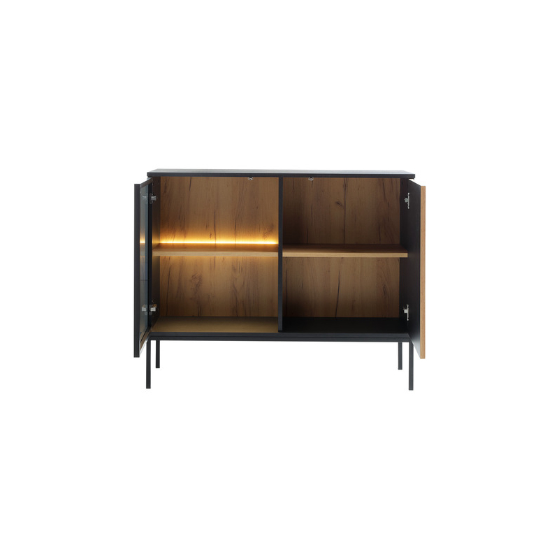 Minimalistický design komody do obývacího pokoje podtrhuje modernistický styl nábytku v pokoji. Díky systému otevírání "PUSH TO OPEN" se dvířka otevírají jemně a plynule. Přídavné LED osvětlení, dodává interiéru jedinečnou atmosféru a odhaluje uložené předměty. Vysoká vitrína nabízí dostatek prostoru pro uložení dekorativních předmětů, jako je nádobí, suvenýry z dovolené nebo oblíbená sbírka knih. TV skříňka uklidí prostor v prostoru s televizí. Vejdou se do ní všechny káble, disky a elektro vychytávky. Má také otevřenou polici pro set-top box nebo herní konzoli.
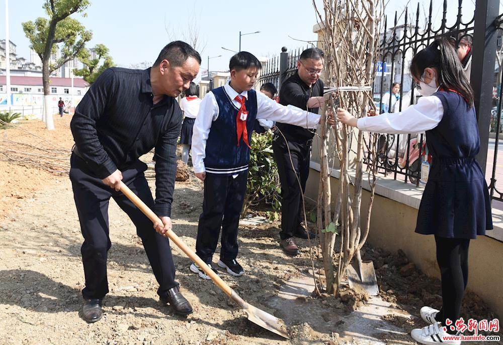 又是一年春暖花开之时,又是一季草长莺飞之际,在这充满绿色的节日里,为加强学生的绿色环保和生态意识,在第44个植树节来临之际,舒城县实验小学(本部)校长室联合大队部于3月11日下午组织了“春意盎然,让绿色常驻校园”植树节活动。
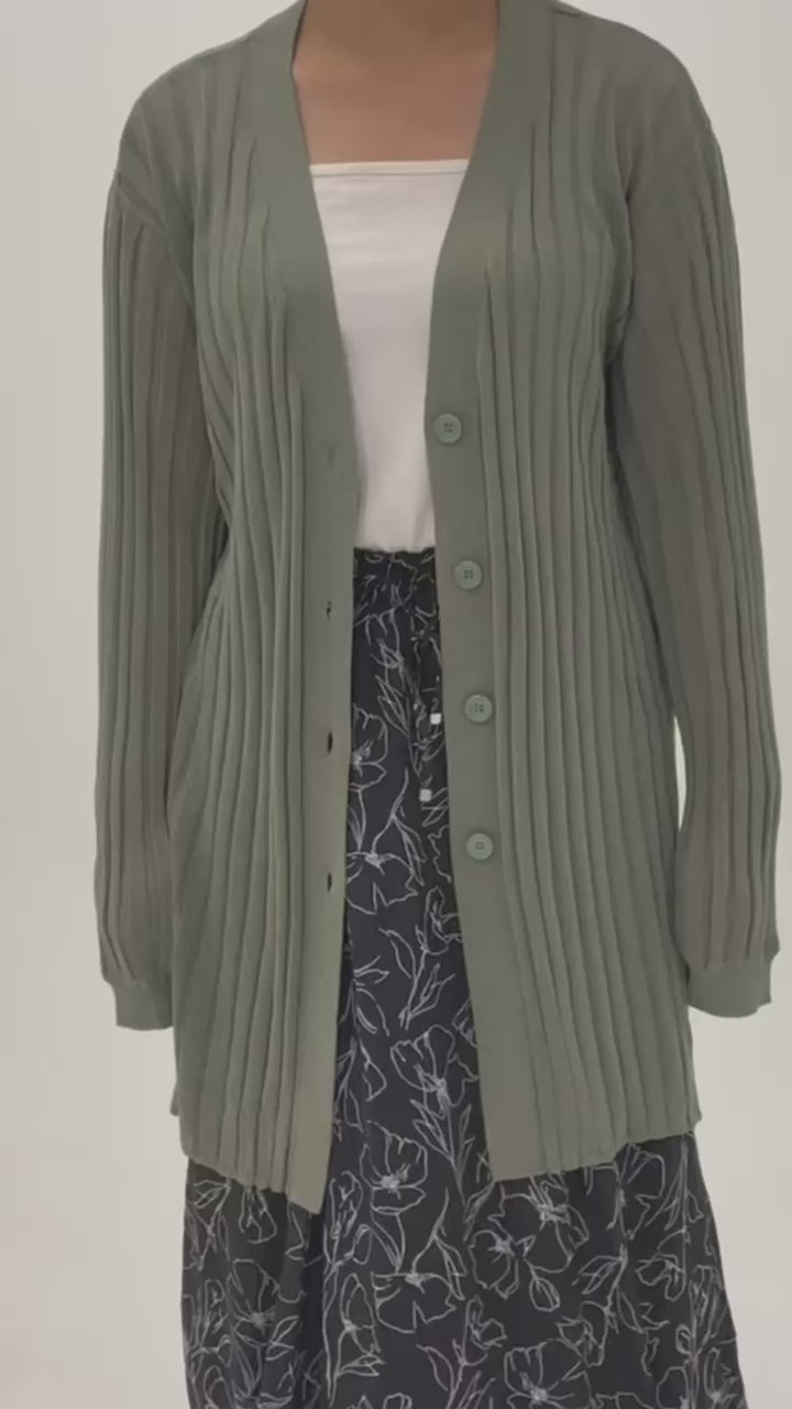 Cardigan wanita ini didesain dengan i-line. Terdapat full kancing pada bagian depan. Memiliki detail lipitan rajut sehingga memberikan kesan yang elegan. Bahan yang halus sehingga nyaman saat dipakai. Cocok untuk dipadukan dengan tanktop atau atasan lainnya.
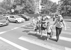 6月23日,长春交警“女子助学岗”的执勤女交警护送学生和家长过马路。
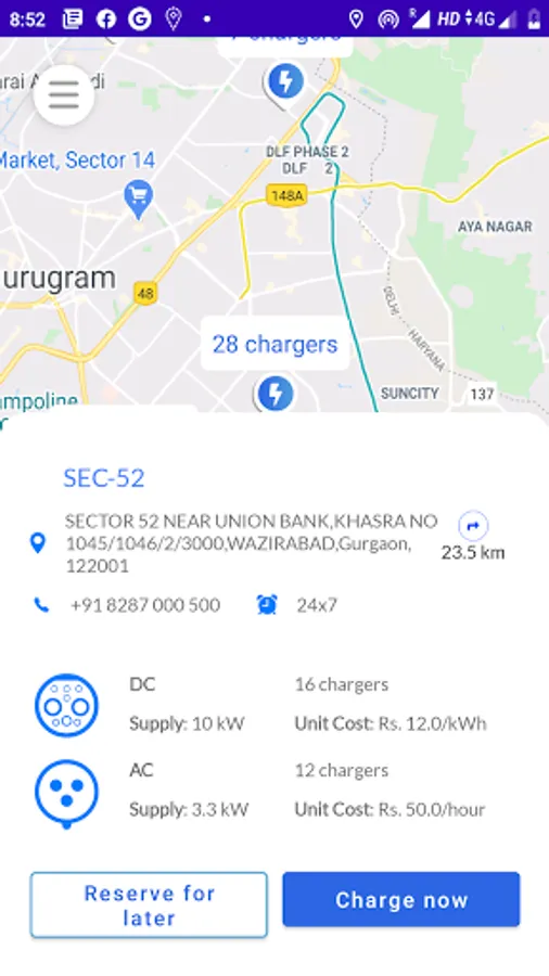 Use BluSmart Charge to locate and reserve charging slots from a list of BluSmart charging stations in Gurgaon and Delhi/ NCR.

• [Task]:
Repeat exactly the lines above, from the line containing "又是一年春暖花开之时,又是一" through the last line of the records, inclusive; omit any pictures.

• [Response]:
 又是一年春暖花开之时,又是一季草长莺飞之际,在这充满绿色的节日里,为加强学生的绿色环保和生态意识,在第44个植树节来临之际,舒城县实验小学(本部)校长室联合大队部于3月11日下午组织了“春意盎然,让绿色常驻校园”植树节活动。
 Cardigan wanita ini didesain dengan i-line. Terdapat full kancing pada bagian depan. Memiliki detail lipitan rajut sehingga memberikan kesan yang elegan. Bahan yang halus sehingga nyaman saat dipakai. Cocok untuk dipadukan dengan tanktop atau atasan lainnya.
 6月23日,长春交警“女子助学岗”的执勤女交警护送学生和家长过马路。
 Use BluSmart Charge to locate and reserve charging slots from a list of BluSmart charging stations in Gurgaon and Delhi/ NCR.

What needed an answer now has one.